I finished reading Janet Evanovich's Hot Six on Monday night, just slightly more than 24 hours after I started it. Granted, I read half of the book while on an airplane which skews the amount of time normally needed to finish a book. But still, I finished it awfully fast. And then I checked the Oshkosh Public Library online card catalog to see if they have the next one, Seven Up.

This, simply put, is not normal. I have read six of Evanovich's books this fall already. I am eager to read another, and will likely push it ahead of other books on my I-really-should-read-this-one-next list.

Which got me to thinking -- what is it about Evanovich's books that has me so captivated? I've read better books, books that have moved me, books that have challenged me, books with more beautiful sentences.
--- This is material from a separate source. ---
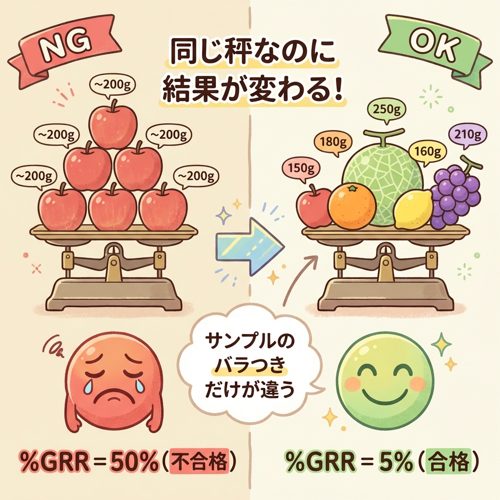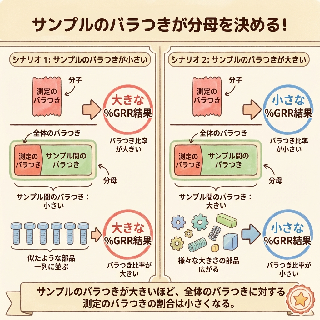 ① %GRR の分母には「サンプル間のバラつき」が含まれる → サンプルの選び方で結果が変わる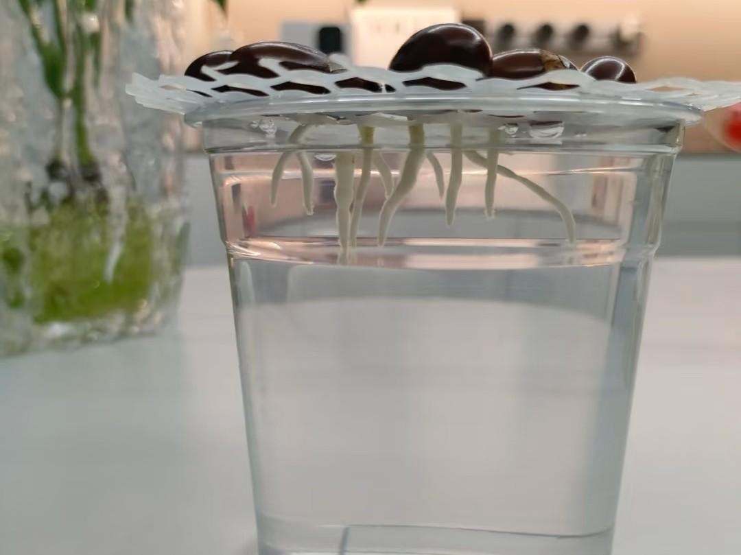 在此階段,白色的主根會向下生長,並可能長出很多細小的側根。透明的容器能讓你清晰觀察到根系的伸展。

What Evanovich has is the power of the hook. She knows exactly where to break a chapter so that I have to go on and read the next chapter. And the next. And the next. She also knows exactly how to end a book to resolve the plot of that one, but to set herself up for her characters to come back. Her sense of timing is impeccable, a useful skill since her books are awfully funny, and she knows how to put a punchline into prose.

Timing, or call it pacing, is important for writing. Knowing when to draw out a scene in prose slo-mo or keep the pace up to heighten tension is tantamount to good fiction. Draw it out too much and readers get bored. Rush through and they wonder what exactly happened. Forget coming up with a plot -- figuring out the timing to keep readers reading may be the hardest part of writing fiction.